**WORK TO COMPLETE:**
Transcribe exactly, leaving out pictures, the lines from the one that holds "2017年6月13日,郑州大" through the end of the data below, including both end lines and no others.

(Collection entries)
·····

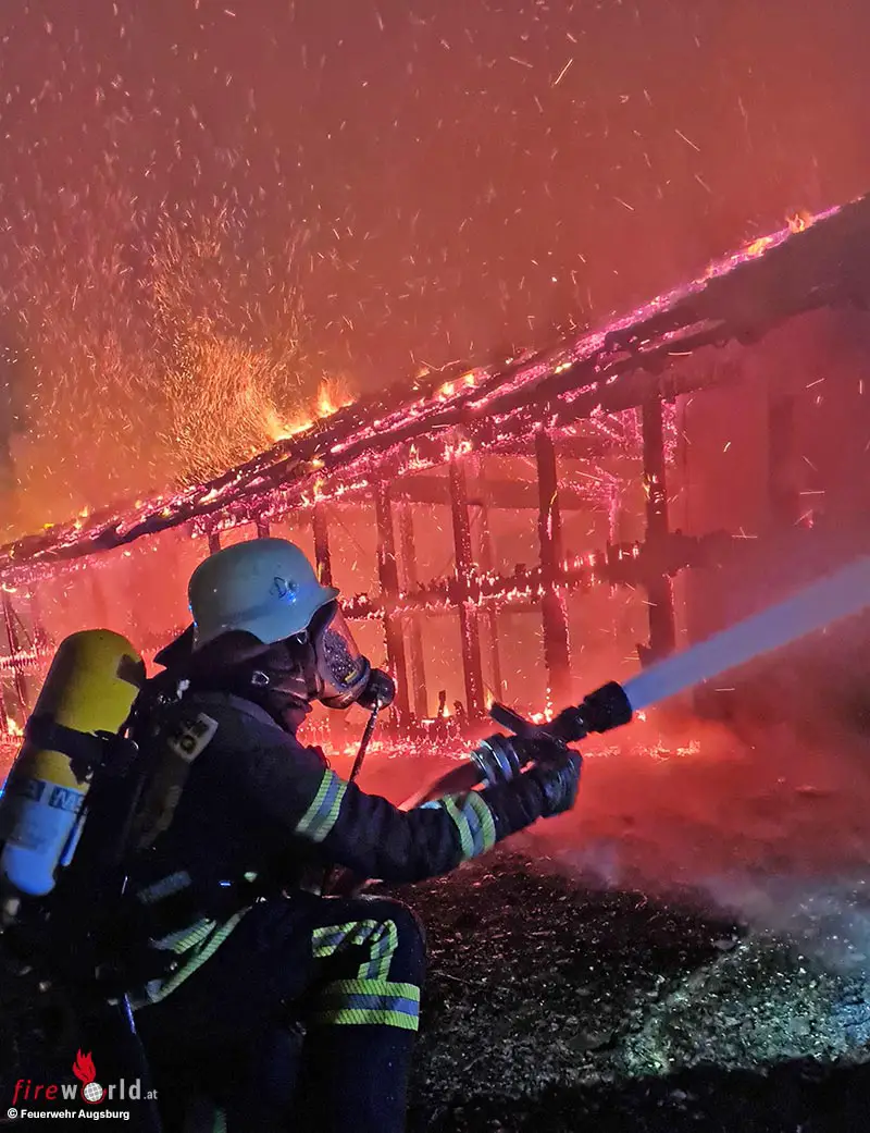 Noch während der Anfahrt erreichte die Integrierte Leitstelle Augsburg sehr viele Notrufe aus dem betroffenen Bereich, die den Brand eines ca. 20 Meter x 5 Meter großen Mülltonnenunterstandes im Vollbrand mit massiver Rauchentwicklung und Funkenflug meldeten. Weitere Notrufe erreichten die Leitstelle mit dem Hinweis das im Seniorenheim, welches sich direkt neben dem Brand befand, bereits mehrere Scheiben gesprungen sind und die Bewohner vom Pflegepersonal in sichere Brandabschnitte innerhalb des Gebäudes evakuiert werden müssen. Das Gebäude wurde hierdurch akut vom Feuer bedroht.
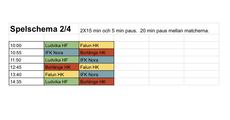 Hej på er, Bifogar spelschemat för den 2/4. Vi samlas i sporthallen klockan 9.15 för uppvärmning och ombyte. Efter vi avslutat sista matchen så bjuder jag på fika. Kommer inte bli något med nötter i då vi har personer som är allergiska, skulle ni vara känsliga mot något annat så får ni säga till. Det kommer finnas en kiosk där vi säljer dryck, fika och toast under matcherna. P12/13 (U14) 16 mar 2023 0kommentarer
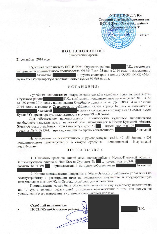 Спустя месяцы заемщики не погашали кредит и не прислушивались к обращениям представителей микрокредитной компании вернуть долг. В итоге кредитор обратился в Отдел розыска и взыскания, а далее в суды КР.
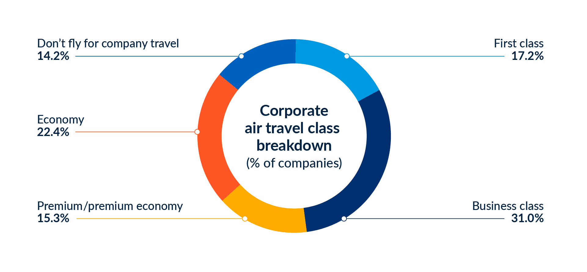 Desglose de la clase de viajes aéreos corporativos (% de empresas)
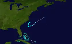 A low-pressure area formed along a dissipating cold front to the north of Puerto Rico. The system moved westward, developing some tropical characteristics by October 13.[5] The next day, the system became a tropical storm over the Straits of Florida.[9] On October 15, it crossed over South Florida near Homestead with winds of 60 mph (95 km/h).[5] While it is unclear whether this cyclone ever became fully tropical, it is entered into HURDAT as a tropical cyclone.[3] The storm intensified further over the Florida peninsula, peaking at 65 mph (105 km/h) early on October 16.[9] After affecting Florida, the storm crossed the western Atlantic and moved across the Outer Banks.[5] The storm became extratropical on October 17, and the next day it was absorbed by another extratropical storm.[19]
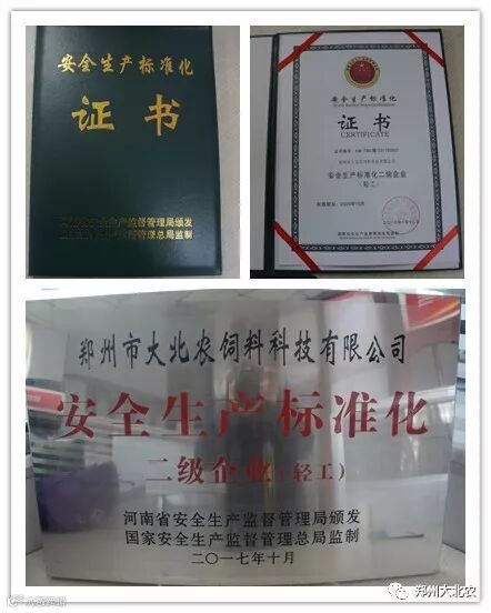2017年6月13日,郑州大北农特邀省安检局相关专家对公司的标准化复评工作进行了外部评审。2017年10月,郑州市大北农饲料科技有限公司顺利通过“安全生产标准化二级企业”,并取得了河南省安全生产监督管理局颁发的证书和牌匾。
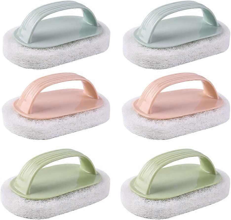 Package 6 Pcs cleaning scrubbers with handle,3colors, each color has 2 pieces,8cm*12cm/3.14in*4.72in,large quantities can meet your family's needs. High qualityThe cleaning brush is made of fiber sponge and plastic,special fibers sponge and does not hurt the item's surface. The sponge brushes can produces rich foam when use dish washing liquid so to easily removes grease and stains,easy to clean and polish. Protect your handsThe sponge brush hold comfortably in palm,reduced hand strain,The handle design reduces the contact between your hands and stains,in the cleaning process,reduce the prolonged immersion of hands in water. Environmental protectionReusable sponge scourers brush,the tub and tile cleaning brush is easy to clean itself with water or detergent and does not produce odor and stains, useful tools that save water and your time, It is both wet and dry, and it becomes soft when exposed to water. Wide applicationCleaning brush works great on cleaning countertop, cutting board, range hood, bathtub,tiles,dishes,glass,floor, etc.removes dirt and non scratches.
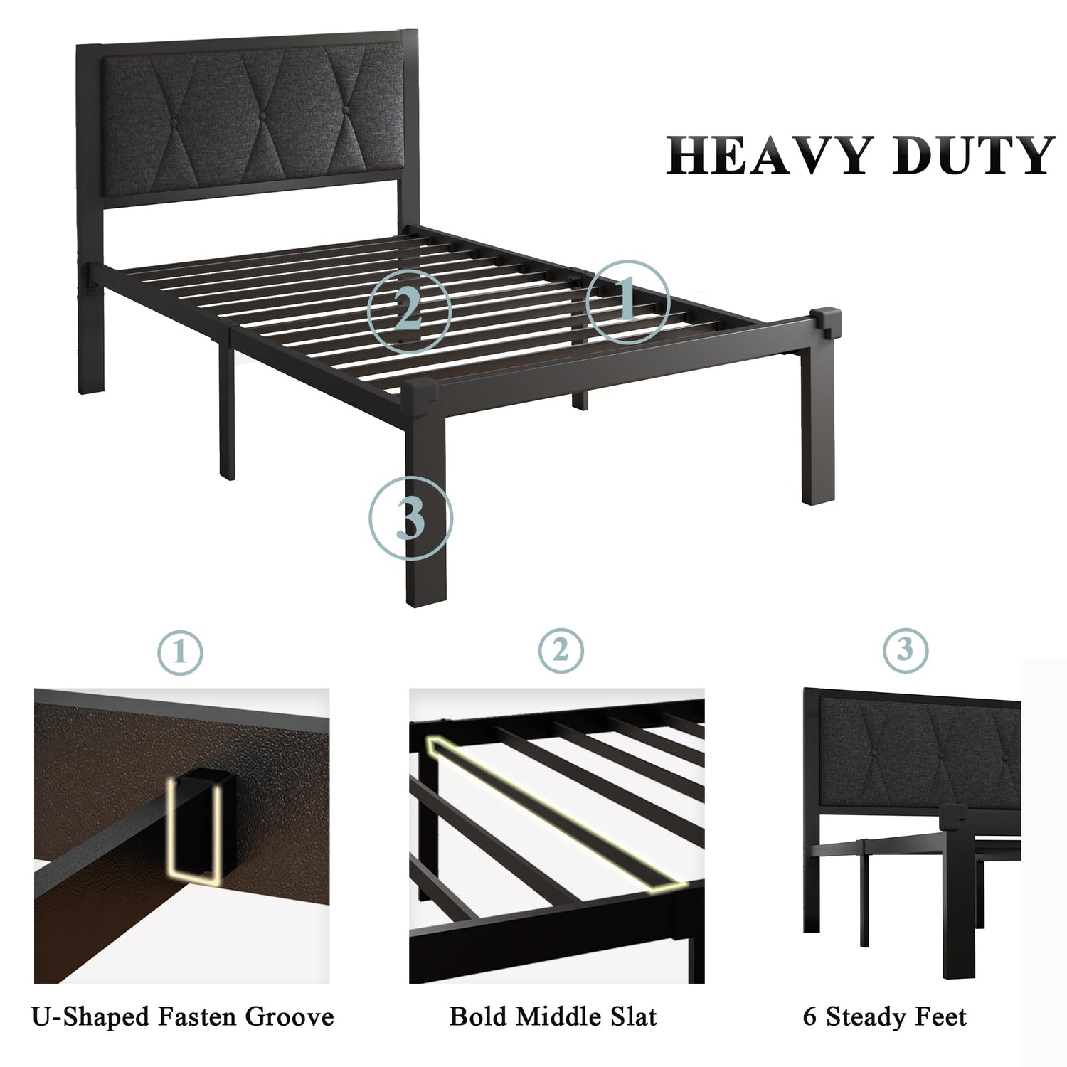 - Stylish & Modern Style: Perfect combination of metal bed frame and geometric fabric headboard, classic shape of lines and tufted buttons, creating a modern and vintage style, suitable for all kinds of bedrooms

·····

**EXERCISE RESPONSE:**
2017年6月13日,郑州大北农特邀省安检局相关专家对公司的标准化复评工作进行了外部评审。2017年10月,郑州市大北农饲料科技有限公司顺利通过“安全生产标准化二级企业”,并取得了河南省安全生产监督管理局颁发的证书和牌匾。
 Package 6 Pcs cleaning scrubbers with handle,3colors, each color has 2 pieces,8cm*12cm/3.14in*4.72in,large quantities can meet your family's needs. High qualityThe cleaning brush is made of fiber sponge and plastic,special fibers sponge and does not hurt the item's surface. The sponge brushes can produces rich foam when use dish washing liquid so to easily removes grease and stains,easy to clean and polish. Protect your handsThe sponge brush hold comfortably in palm,reduced hand strain,The handle design reduces the contact between your hands and stains,in the cleaning process,reduce the prolonged immersion of hands in water. Environmental protectionReusable sponge scourers brush,the tub and tile cleaning brush is easy to clean itself with water or detergent and does not produce odor and stains, useful tools that save water and your time, It is both wet and dry, and it becomes soft when exposed to water. Wide applicationCleaning brush works great on cleaning countertop, cutting board, range hood, bathtub,tiles,dishes,glass,floor, etc.removes dirt and non scratches.
 - Stylish & Modern Style: Perfect combination of metal bed frame and geometric fabric headboard, classic shape of lines and tufted buttons, creating a modern and vintage style, suitable for all kinds of bedrooms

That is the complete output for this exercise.